Tax implications. Riveting stuff. It makes me smile, though, to know that Darragh doesn’t spend all his time elbows-deep in blood – other people’s or lately, his own. Some boring office work will be good for him for the next little while.
He continues watching me as I wander around the office. His bookshelves are stuffed full, something I approve of. I walk slowly along, tracing titles and spines with my nails.
“What about that capital gains increase? That still happening anytime soon?”
When I’m finished checking out the shelves, I move on to his desk. There’s a computer, of course, and various papers piled up here and there, some of them in rather haphazard-looking stacks. Darragh may have his quirks and obsessions, but he certainly isn’t anal about organizing his documents. Without really thinking about it, I start idly straightening things up. Not because I care about how clean his desk is. But because I want to help him.
It's something that a wife would do.
Sighing quietly, I abandon the papers and examine the other items on the desk. I can feel Darragh’s eyes drilling into me as I pick up a pair of dice. One is black, one is red. On the side of each die that should have a single dot, they each have a skull instead.
They’re the dice from Darragh’s tattoo.
“They were Callum’s.”
I look up, realizing Darragh is speaking to me now. His phone is no longer in his hand.
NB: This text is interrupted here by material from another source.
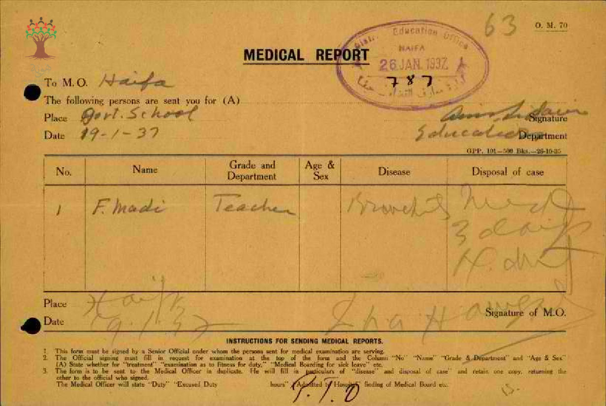 رسالة من مدير مدرسة حيفا الى مفتش المعارف بخصوص تغيب المعلم فلاح الماضي وعودته الى العمل مرفقة بالتقرير الطبي
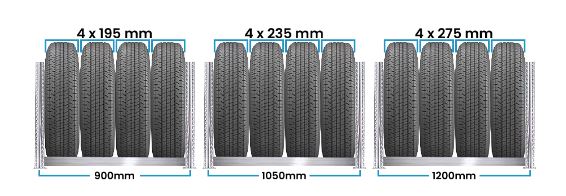 Regał na opony ocynkowany RPO dostępny jest w kilku wariantach długości belek, co pozwala na dopasowanie jego wymiarów do szerokości opon:

“His favourite ones,” Darragh goes on. “He taught me cards. Chess. Dice. He gave me those before I came to Canada.” He tilts his head. “Do you want to play?”
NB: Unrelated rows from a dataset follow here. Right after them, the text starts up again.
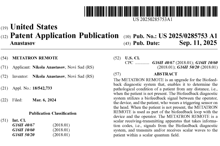 The startup MetaTest.me is based on a patent that has just been registered. Metatron Remote® is a patent-protected (U.S. Pat. No. 20250285753 dated Sep. 11, 2025) and trademarked quantum system that enables remote health scanning and therapy at any distance using only client information. This is the first and only remote health system that does not require biological material. The patented system is materialized, functional and in use.
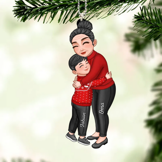 Pendentif de Noël personnalisé - Figures de famille enlacées avec noms personnalisables
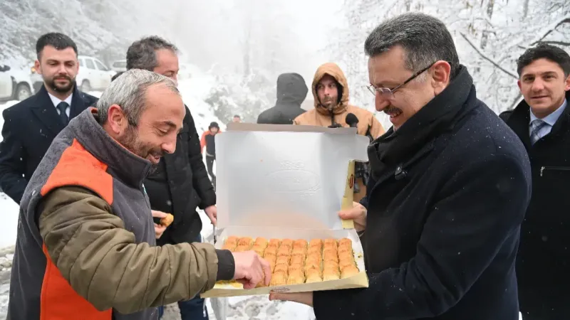 Başkan Genç, karla mücadele ekiplerine moral vermek amacıyla, saha çalışmalarını sürdüren personele tatlı ikramında bulundu ve tüm çalışanlarına kolaylıklar diledi."Trabzon Büyükşehir Belediyesi olarak, hem şehir içindeki tüm yolları hem de özellikle hastane ve okul yollarını açık tutma hedefimiz doğrultusunda çalışmalarımızı sürdüreceğiz. İnşallah bu süreci başarılı bir şekilde tamamlayacağız" dedi.
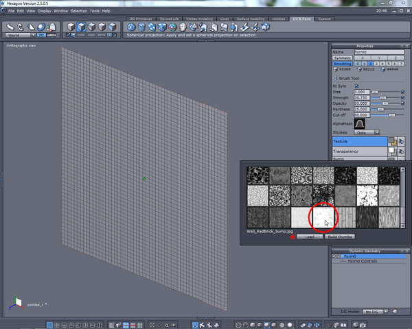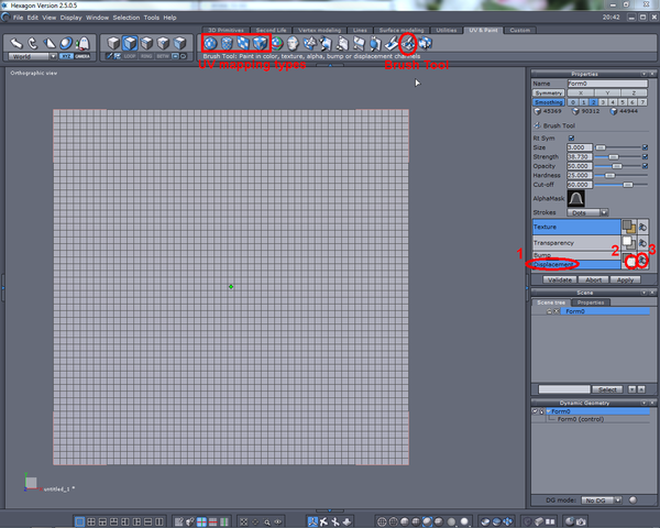 I could not find the old thread, so here are the images. To use displacement mapping (or texture mapping) the object must be UV mapped first. I don't explain how to do that here. I have used a flat grid as an example, but it will work with other objects.

“I don’t know any dice games,” I admit. I roll the dice together in my right hand, enjoying the tactile sensation of the plastic cubes knocking together. “Besides, the last time I played a game with you in Toronto, I was left bleeding and alone at the end of it.”
“Doesn’t have to be any real dice game,” he says. “I’ll even let you make up the rules.”
“Hmm. Tempting.” I transfer the dice from one hand to the other, thinking. “Alright. How about this? Nothing complicated. We each roll. Whoever rolls a higher number gets to ask the other a question. And the one who rolled lower has to answer it honestly.”
“Sounds like Truth or Dare,” he says.
“Sort of.” I shrug. “We can call it Truth and Dice.”
He holds out his hand. I drop the red die into it.
“You’re red, I’m black. To go with our hair,” I tell him. I toss my die onto a clear area of his desk, then grin triumphantly when it lands with the six side facing up.
“A natural,” Darragh mutters. He tosses down his die. I let out a cackling cheer when he gets the skull.
“Go ahead, then,” he says with an indulgent sigh and a smirk. “Ask away.”
Possibilities run through my head. I didn’t think he’d actually agree to play, let alone that I would win the first round. I settle on something that’s been bugging me for a few days now.
“What did you say to me the other night? In Irish? In the bath?”
His smirk vanishes. Like I’ve pinched my finger and thumb to the candle of it.
“You expect me to remember the shit I say when I’m about to come?” he asks with a bitter sort of bravado. Like he remembers perfectly fine. Like he’s lying.
“Are you afraid?” I challenge. I point at the dice on the desk. “I won this round. Fair and square. You have to answer.”
“Fair and square,” he says sardonically under his breath. “Nothing about the hold you have on me is fair.” A slight pause, then, “I said, ‘Tá mo chroí istigh ionat.’”
I shiver as the lyrical sounds brush my skin.
“What does it mean?” I ask.
“Oh, no,” he says with a vicious shake of his head. “You only get one question. You’ll have to roll again and win if you want to ask more.”
“You said I was allowed to make up the rules to this game,” I remind him, narrowing my eyes and crossing my arms.
“I’m instituting one of my own,” he growls in return, snatching up his die.